Whis was the only one who did so, apparently. I'm told that Bills gets FTL because of backwards powerscaling, which we don't generally accept.


----------



## trance (Jun 6, 2013)

SuperTacocat said:


> I'm aware. What of it?



Nothing, just saying.



> Whis was the only one who did so, apparently. I'm told that Bills gets FTL because of backwards powerscaling, which we don't generally accept.



I talked to a guy who watched the movie who said it was Whis AND Bills who traveled that. 

Not that it matters, WW would beat him regardless.


----------



## Tacocat (Jun 6, 2013)

Well, in any case, I feel like the use of BoG content should be limited until the movie is released internationally. Hearsay isn't generally how we operate. Besides, the feat could very well be much, much higher for all we know.


----------



## Majinsaga (Jun 6, 2013)

Bills uses his choptsticms to put her to sleep (or sneak some roofies into her drink) and bestiality date rape ensues.


----------



## Tacocat (Jun 6, 2013)

That's...not funny.


----------



## trance (Jun 6, 2013)

Bestiality? That really isn't funny.


----------



## SkylineGTR (Jun 6, 2013)

What's WW's durability? I thought she was only around planet lv +. If that's true, she will get crushed by Bills.


----------



## Lurko (Jun 6, 2013)

Talk about a disturbing post.


----------



## trance (Jun 6, 2013)

SkylineGTR said:


> What's WW's durability? I thought she was only around planet lv +. If that's true, she will get crushed by Bills.
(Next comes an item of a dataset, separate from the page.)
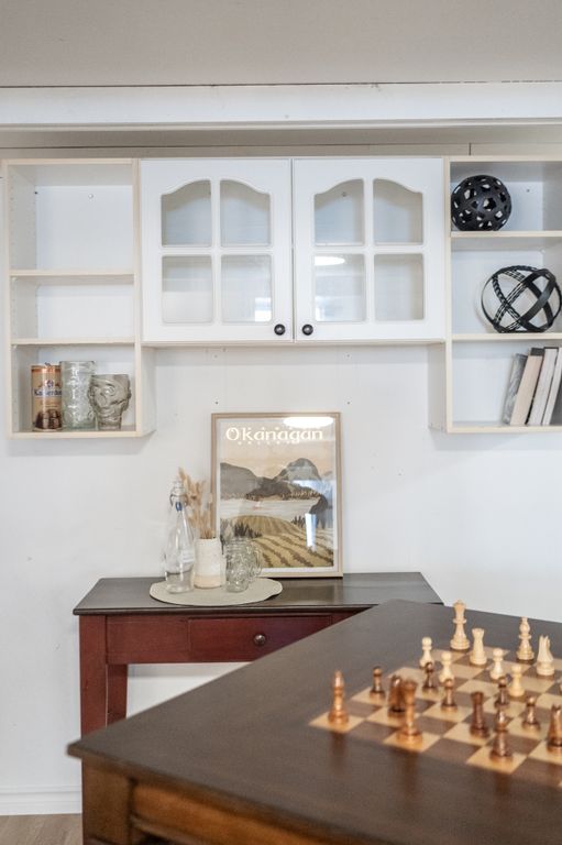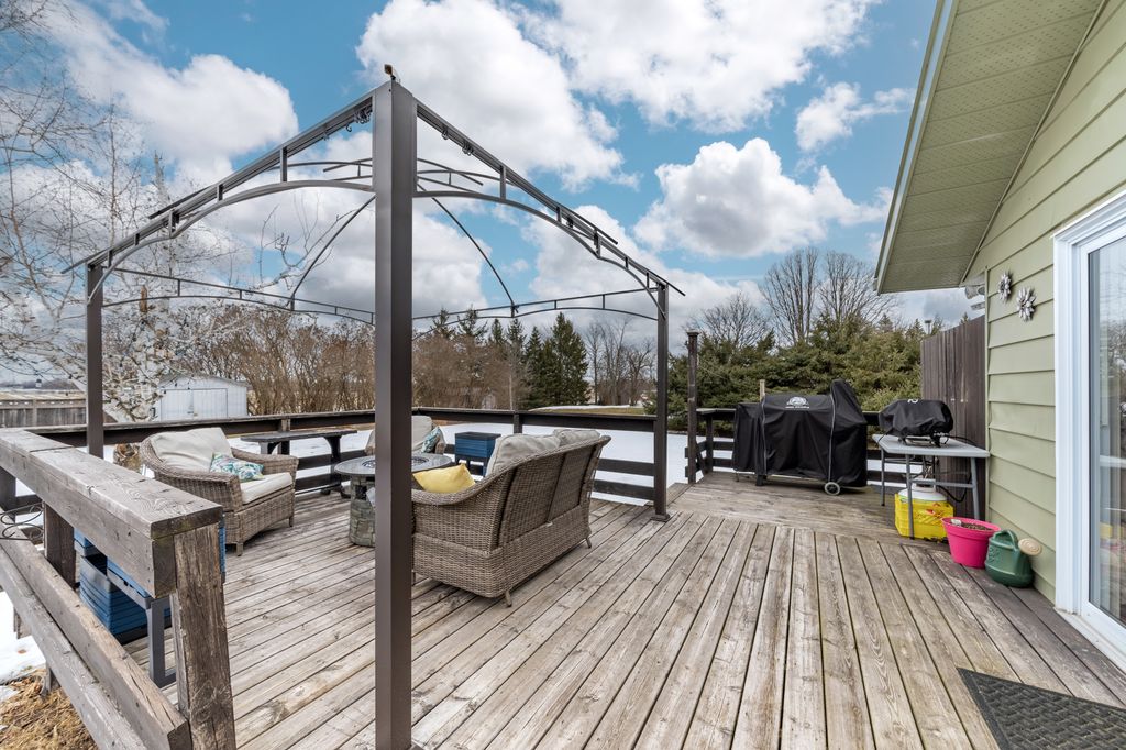 Inside the home, the open-concept design features a spacious living room, updated kitchen with stainless steel appliances, and a bright dining area with patio doors leading to a deck and gazebo, offering a private and scenic view. The main floor also includes a large primary bedroom with a 2-piece ensuite, a second bedroom, a renovated main bathroom, and a flexible room currently serving as an office and pantry. This space could easily be converted into a laundry room again if needed.

WW is FTL. That's confirmed. Bills is scaled from Whis to be FTL, which isn't accepted here. If he is, he stands a chance, maybe even winning.

I read on a few sites that Bills is said to be a star/solar system buster but his full hype puts him at galaxy level while Whis is hyped as a universe buster. Anyone else read the same thing?


----------



## familyparka (Jun 6, 2013)

WW wins.

/thread


----------



## TheSweetFleshofDeath (Jun 6, 2013)

If it's wonder women without godwave then he might be able to do it.  Personally I think the wonder women holding her own against superman is just jobbing without the godwave.


----------



## MAPSK (Jun 6, 2013)

Majinsaga said:


> Bills uses his choptsticms to put her to sleep (or sneak some roofies into her drink) and bestiality date rape ensues.


----------



## SkylineGTR (Jun 7, 2013)

Lazers said:


> WW is FTL. That's confirmed. Bills is scaled from Whis to be FTL, which isn't accepted here. If he is, he stands a chance, maybe even winning.
> 
> I read on a few sites that Bills is said to be a star/solar system buster but his full hype puts him at galaxy level while Whis is hyped as a universe buster. Anyone else read the same thing?



I've seen the movie when it premiered since I was in Japan at the time. Bills and Whis fly together at the end, and there are some other good feats in the movie. Bills isn't a galaxy buster, or atleast he didn't show anything like that. He is probably a solar system buster however since Whis states he would destroy the solar system in an instant when he was getting angered by Buu eating his food, and I doubt Whis is 1000s of times quicker then Bills. There was also a scene when SsjG goku and bills fight, and as Bills steps on a puddle, you can see the water droplets frozen while they were fighting. I think that scenes on YouTube as well. Also Bills states he's too lazy to fly to Planet Vegeta to go blow it up and he was already once there WITHOUT Whis, so yea he's clearly ftl as no teleportation was shown from either Bills or Whis at all. I'm not saying Bills wins this fight, but from what I know about Wonder Woman, I don't see how he loses.


----------



## Bender (Jun 7, 2013)

The denial regarding Bills speed is simply mind numbingly ridiculous. :faecpalm


Get over it. He's FTL.


----------



## Sablés (Jun 7, 2013)

Bills being a galaxy buster is never stated in the movie; doubting it'd even be accepted

Solar system.....perhaps.


----------



## trance (Jun 7, 2013)

SkylineGTR said:


> I've seen the movie when it premiered since I was in Japan at the time. Bills and Whis fly together at the end, and there are some other good feats in the movie. Bills isn't a galaxy buster, or atleast he didn't show anything like that. He is probably a solar system buster however since Whis states he would destroy the solar system in an instant when he was getting angered by Buu eating his food, and I doubt Whis is 1000s of times quicker then Bills. There was also a scene when SsjG goku and bills fight, and as Bills steps on a puddle, you can see the water droplets frozen while they were fighting. I think that scenes on YouTube as well. Also Bills states he's too lazy to fly to Planet Vegeta to go blow it up and he was already once there WITHOUT Whis, so yea he's clearly ftl as no teleportation was shown from either Bills or Whis at all. I'm not saying Bills wins this fight, but from what I know about Wonder Woman, I don't see how he loses.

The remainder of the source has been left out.